Returning `NonNull<[u8]>` with full extent adds overhead to cases that don't need it.

thomcc commented 3 years ago

The current API always returning a slice with a size is inefficient in many allocators (those that don't have the information for free) if the caller doesn't care about the full size.

In many allocator implementations this is two calls. (There are some where it's not — but it being two calls is common enough that IMO it's worth considering in the API — and even in those where it's 1 call, it's usually a bit more expensive than providing just the pointer).

When implementing AllocRef for an allocator which can provide usable_size functionality you don't know if the caller needs it so, best practice is obviously going to be to provide it. The caller may very well care about the allocation extent (they may be a collection type like Vec<T>, String, etc), in which case this is hugely beneficial.

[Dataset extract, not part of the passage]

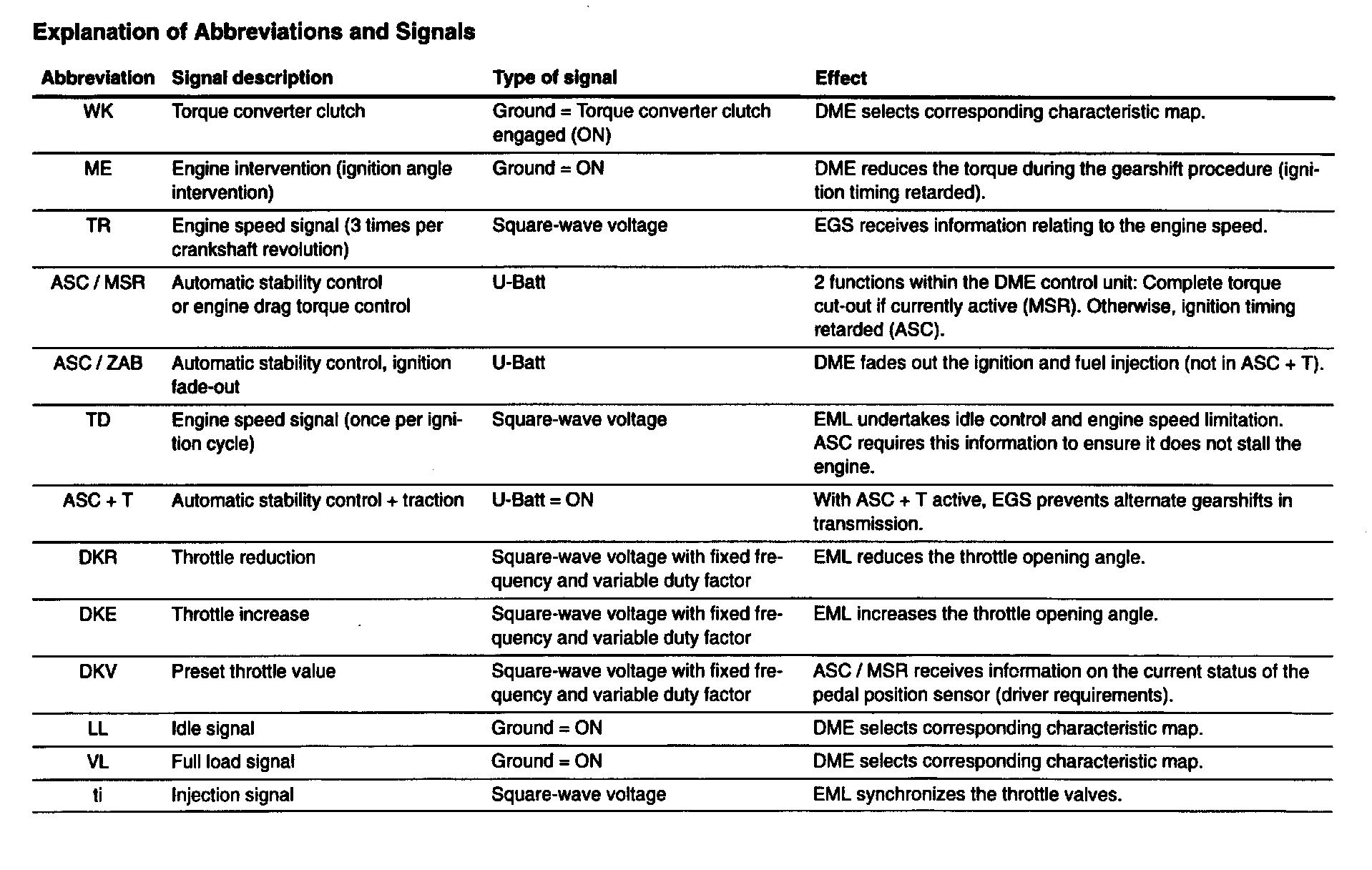 Explanation of Abbreviations and Signals:

Unfortunately, the caller may not need it — Many never will. Some examples of this are: Box<T>/Rc<T>/Arc<T>/etc for Sized T, fixed-capacity collections, containers which are not yet AllocRef-aware...

Inside the AllocRef methods as they are now you cannot know which case you're in, and neither is really an obscure use case.

So IMO there should either be:

Be another variant of the functions which either returns NonNull<u8> or a NonNull<[u8]> that's not expected to be the full extent.
There should be a parameter added to the allocation functions which indicates if caller would like the full usable size when available.

(I'm hesitant about number 2, because I'd rather not add more checks into allocation when in many contexts global context it's unlikely to get inlined — it's also hard for me to imagine someone deciding between these at runtime).

Either way this would support both cases, allocator-aware collections, and uses like Box where there's really no benefit to querying the full extent, since it won't be used.

Amanieu commented 3 years ago

I don't think it's such a big issue because the allocator can just return the same length that was passed in if calculating the exact allocation length is too expensive.

thomcc commented 3 years ago

if calculating the exact allocation length is too expensive.

This isn't my concern. Calculating the exact length is usually not overly expensive, but it's certainly not free in most allocators.

Concretely:

jemalloc ends up doing an rtree lookup for this call (it stores allocation extents in a radix tree), which is slow enough that jemalloc provides a sized deallocation API (sdallocx) to avoid doing the same kind of rtree lookup on deallocation. (And in the past when I complained about AllocRef::dealloc requiring a layout, wanting to use sdallocx was cited as an example of a non-winapi case where we'd like to use that info).
Mimalloc is better here but still involves a bunch of pointer chasing (although it's somewhat likely that the malloc call would have put them into the cache).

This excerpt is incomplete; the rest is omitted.